Value stored as Boolean:
SqlAlchemy ORM: Total time for 40000 records 62.5009999275 secs
SqlAlchemy Core: Total time for 40000 records 56.0600001812 secs
Value stored as Integer:
SqlAlchemy ORM: Total time for 40000 records 5.72099995613 secs
SqlAlchemy Core: Total time for 40000 records 0.770999908447 secs
Run Code Online (Sandbox Code Playgroud)

使用布尔类型时为什么会出现这样的性能问题?

我知道SQLite没有布尔类型的概念,而是将它们存储为整数1(True)或0(False).我原以为SqlAlchemy会把python bool映射到Sqlite整数.

用于产生上述(改性从输出脚本这个问题):

import time
import sqlite3

from sqlalchemy.ext.declarative import declarative_base
from sqlalchemy import Column, Integer, String,  create_engine, Boolean
from sqlalchemy.orm import scoped_session, sessionmaker

Base = declarative_base()
DBSession = scoped_session(sessionmaker())
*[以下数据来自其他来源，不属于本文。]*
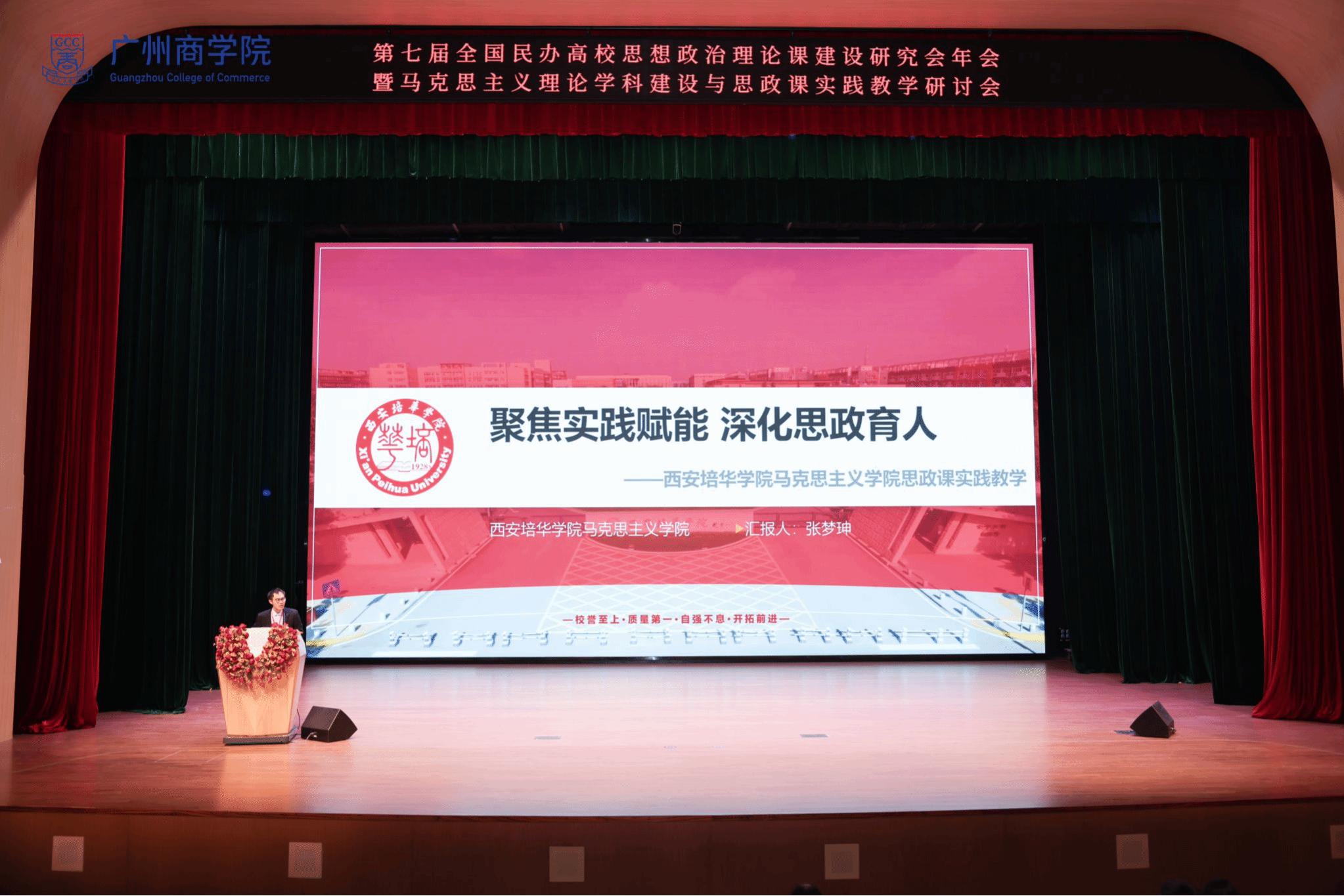 11月27日至29日,第七届全国民办高校思想政治理论课建设研究会年会暨马克思主义理论学科建设与思政课实践教学研讨会在广州成功举办。本次会议由全国民办高校思想政治理论课建设研究会主办,广州商学院承办,来自全国70多所高校的300余位专家学者齐聚一堂,围绕“贯彻落实党的二十届四中全会精神推动思政课高质量发展”展开深入研讨。西安培华学院马克思主义学院教师张梦珅受邀参会,并在思政课实践教学经验交流环节作专题汇报,全面展示了西安培华学院在思政课实践教学体系建设方面的创新探索与丰硕成果。
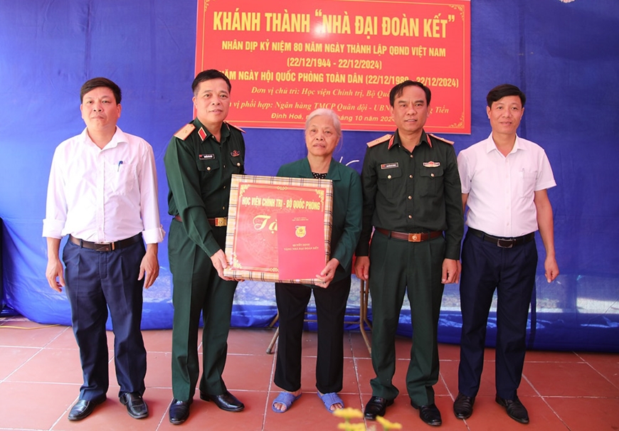 | Lãnh đạo Học viện Chính trị và đại diện cấp ủy, chính quyền xã Phượng Tiến trao quà và bàn giao "Nhà đại đoàn kết” tặng gia đình bà Ma Thị Hòa, xã Phượng Tiến (Định Hóa, Thái Nguyên). |
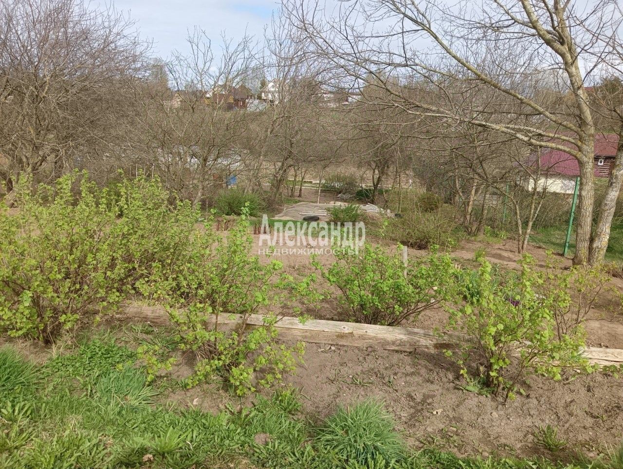 Участок огорожен только с одной стороны. Имеет вытянутую форму и небольшой уклон. Участок разработан, есть яблони, сливы, груши, смородина, клубника.
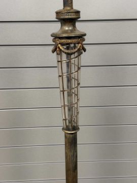 STANDARD LAMP, metal and glass with antique effect finish, square base, 154cms (h) to fitting; with a gilt and onyx standard lamp, circular base, 164cms (h) to fitting, both having cream fabric shades (2)
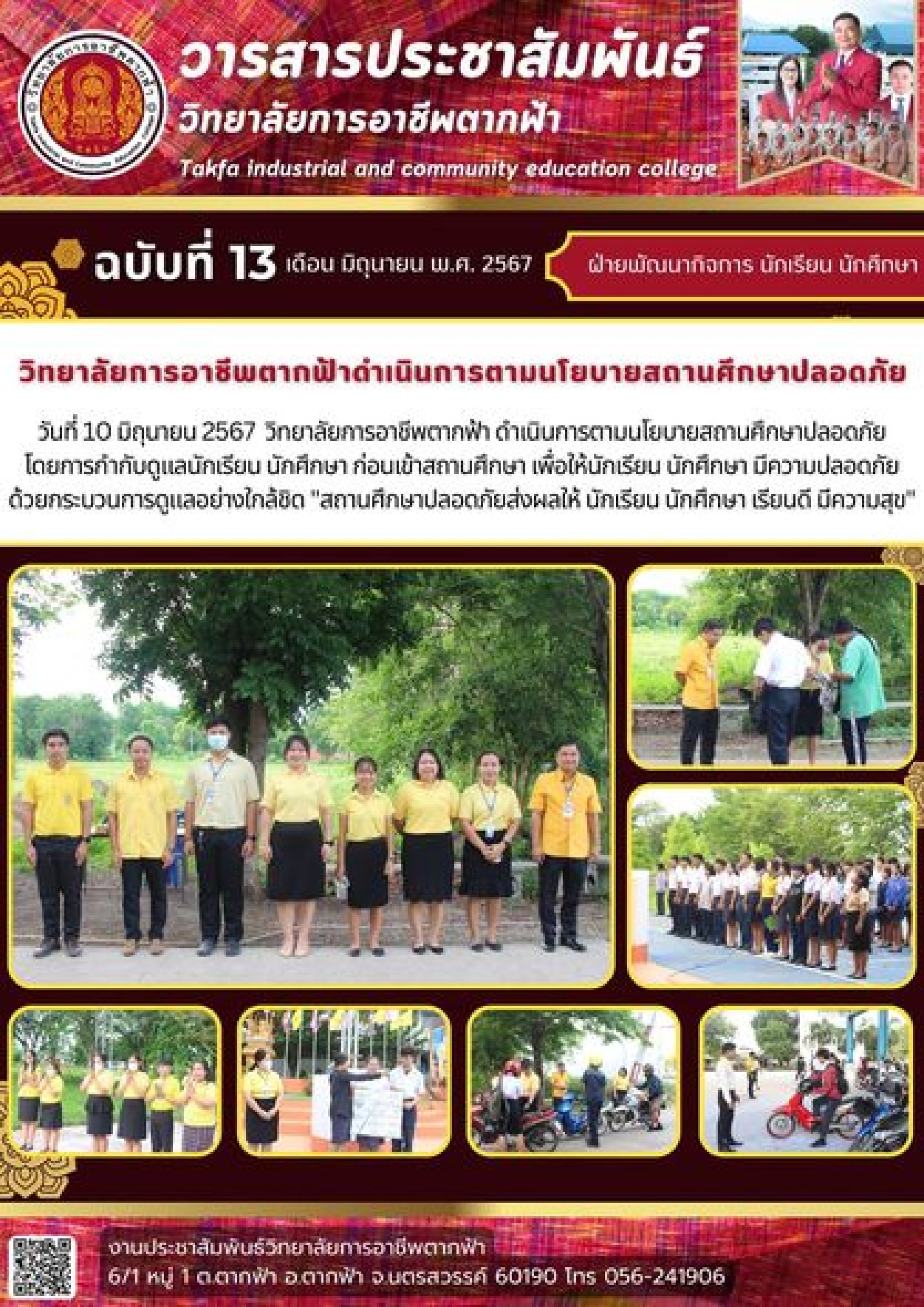 วารสารตากฟ้า ประจำเดือน มิถุนายน 2567 ฉบับที่ 13 วิทยาลัยการอาชีพตากฟ้าดำเนินการตามนโยบายสถานศึกษาปลอดภัย
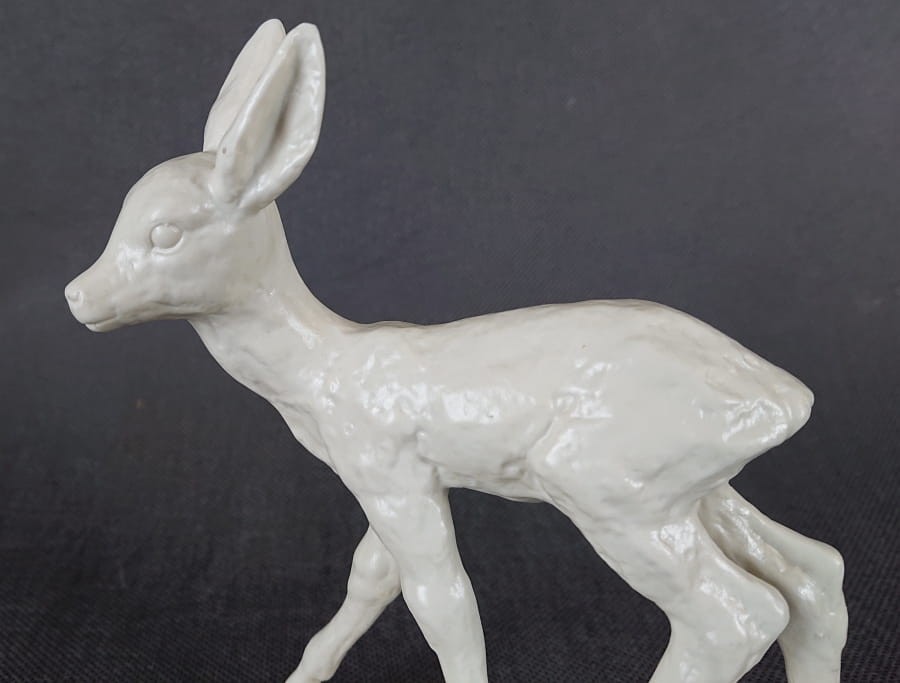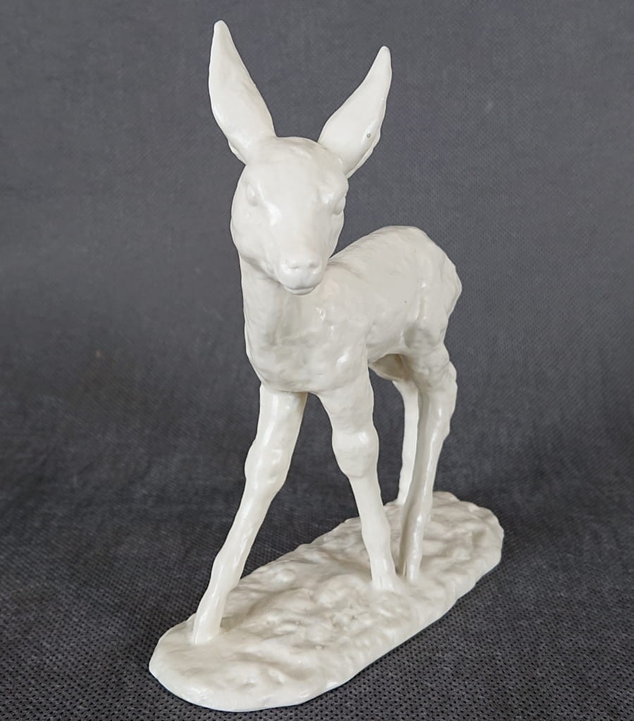 Porcelanowa figurka marki Schaubach‑Kunst przedstawia delikatną sylwetkę młodego sarenki w ruchu. Wykonana została z białej porcelany z lekkim połyskiem. Figurkę wyrzeźbiono z dbałością o detale anatomiczne: smukłe, falujące nogi, wydłużoną szyję i charakterystyczne, duże uszy, nadające postaci wyraz czujności.
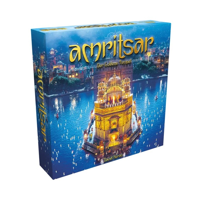 Im Worker-Placement-Spiel Amritsar: Der Goldene Tempel schlüpft ihr in die Rollen von spendenwilligen Unterstützern, die dem Maharadscha über drei Jahrzehnte hinweg beim Wiederaufbau des Goldenen Tempels helfen. Nutzt den klassischen Mancala-Mechanismus, um Arbeiter und eure eignen Elefanten einzusetzen und mit ihnen verschiedene Aktionen auszuführen. Euer Ziel ist es, möglichst viel Material für die Bauabschnitte des Tempels zu spenden und dadurch mehr Prestige als die Konkurrenz zu gewinnen. Am Ende des dritten Jahrzehnts gewinnt die Person mit den meisten Prestigepunkten dieses elegante und anspruchsvolle Eurogame.
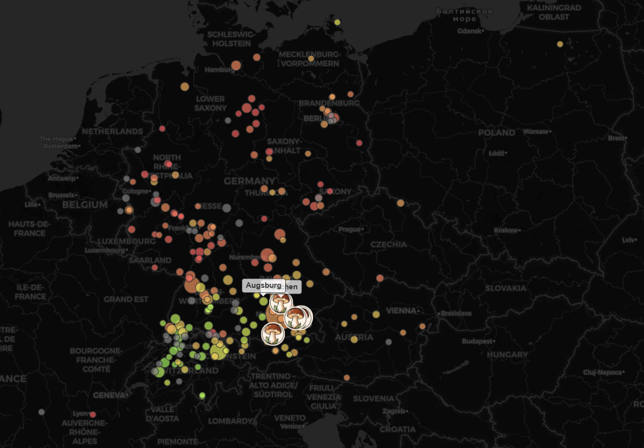 Ich hab sie vor einem Monat das erste mal gesehen, hab mich ehrlich gesagt nicht DADURCH leiten lassen, aber auch ehrlich gesagt im nachhinein gesehen, dass sie schon richtig lag, als ich viele Sommersteinis fand (und einige Edulis) war auch dort die Wahrscheinlichkeit hoch, und als es weniger waren sank sie auch in der Grafik.
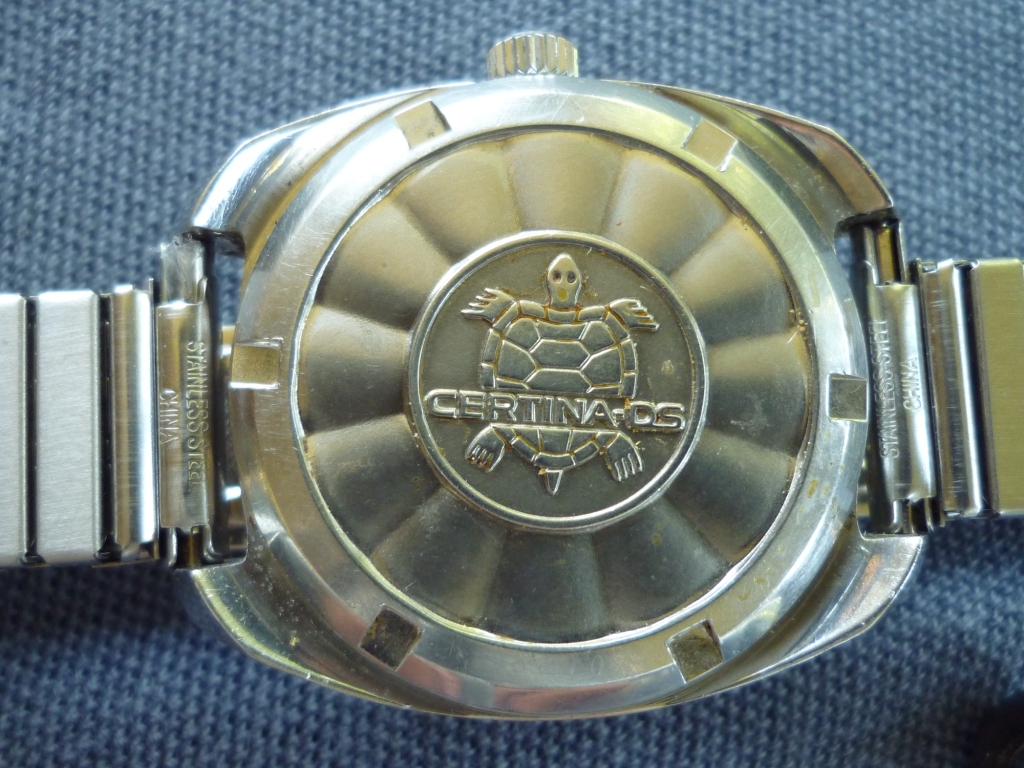 Impressive Certina DS Automatic, Green Dial, Weekday and Date Window at 3, Orange Center Second Hand, Massive Stainless Steel Case with Turtle Screw Back, Case Size 38x43mm (not Counting the Crown), Metal Bracelet not original, ca. 1970
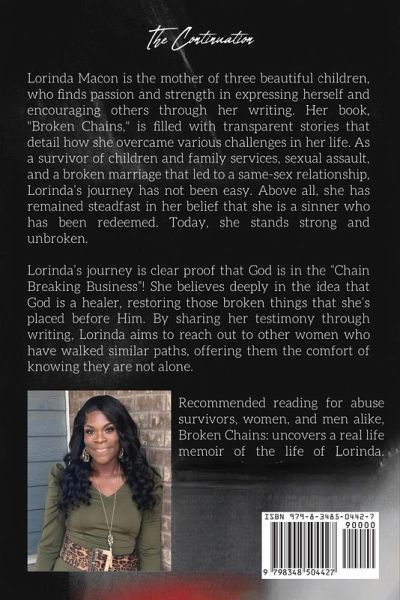 This transparent and transformative book delves into the essence of survival following some of the most broken experiences a woman can endure. In Broken Chains, author Lorinda Macon shares her extraordinary journey marked by fear, anguish, triumph, and forgiveness. Through her reflections on life-altering events, she invites readers to join her in reevaluating their lives and relationships with God. What Lorinda uncovers throughout her journey is surprising and inspiring; as she leans on her faith and personal journey, she emerges stronger than ever. The feeling of helplessness and loss gives way to a profound sense of empowerment rooted in her deep connection to God and reclaiming her life. Broken Chains: My Soul Remains Unbroken is a recommended read for survivors of abuse, as well as for women and men seeking help and understanding. This book intertwines prose, letters, and transparent storytelling, creating a revealing narrative and a guiding line through a woman's life from broken to Unbroken. Through Lorinda's vivid recollections, readers will discover they are not alone and may find the spiritual nourishment necessary to reclaim control over their lives.
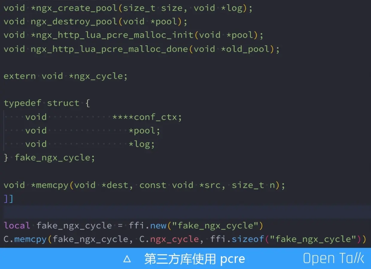 怎么解决这个问题呢?如果现在 OpenResty 有相关的 API,那么直接去申请内存池是最好的,但是可惜 OpenResty 并不具备。看看 Ningx 源码,可以看到创建 Nginx 的内存池函数定义是 ngxcreatepool(size_tsize, void *log) ,只要能获取到全局日志句柄即可。
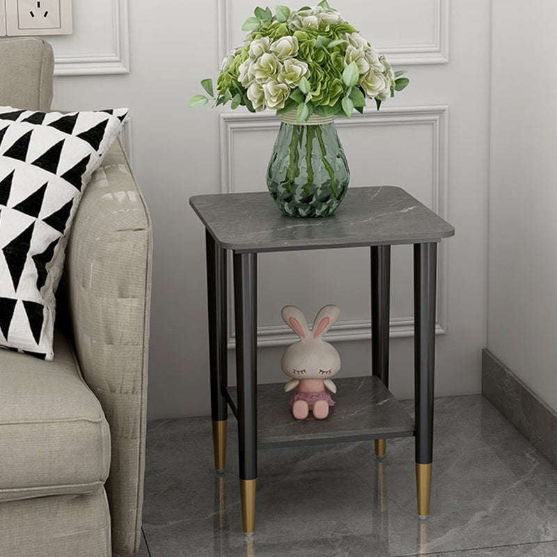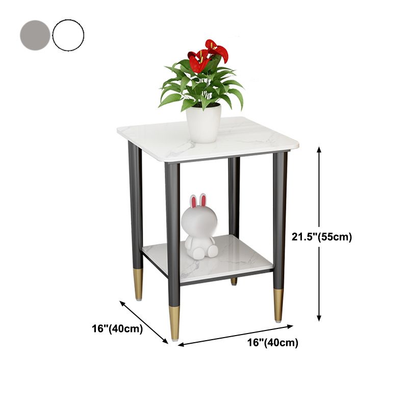 Modern Stone Top Nightstand 1-Shelf 22" H Metal Open Storage Bed Nightstand

class CustomerInteger(Base):
    __tablename__ = "customerInteger"
    id = Column(Integer, primary_key=True)
    name = Column(String(255))
    value = Column(Integer)

class CustomerBoolean(Base):
    __tablename__ = "customerBoolean"
    id = Column(Integer, primary_key=True)
    name = Column(String(255))
    value = Column(Boolean)

def init_sqlalchemy(dbname = 'sqlite:///sqlalchemy.db'):
    global engine
    engine = create_engine(dbname, echo=False)
    DBSession.remove()
    DBSession.configure(bind=engine, autoflush=False, expire_on_commit=False)
    Base.metadata.drop_all(engine)
    Base.metadata.create_all(engine)

def test_sqlalchemy_orm(n, table):
    init_sqlalchemy()
    t0 = time.time()
    for i in range(n):
        customer = table()
        customer.name = 'NAME ' + str(i)
        customer.value = True
        DBSession.add(customer)
        if i % 1000 == 0:
            DBSession.flush()
    DBSession.commit()
    print "SqlAlchemy ORM: Total time for " + str(n) + " records " + str(time.time() - t0) + " secs"


def test_sqlalchemy_core(n, table):
    init_sqlalchemy()
    t0 = time.time()
    engine.execute(
        table.__table__.insert(),
        [{"name":'NAME ' + str(i), "value":True } for i in range(n)]
    )
    print "SqlAlchemy Core: Total time for " + str(n) + " records " + str(time.time() - t0) + " secs"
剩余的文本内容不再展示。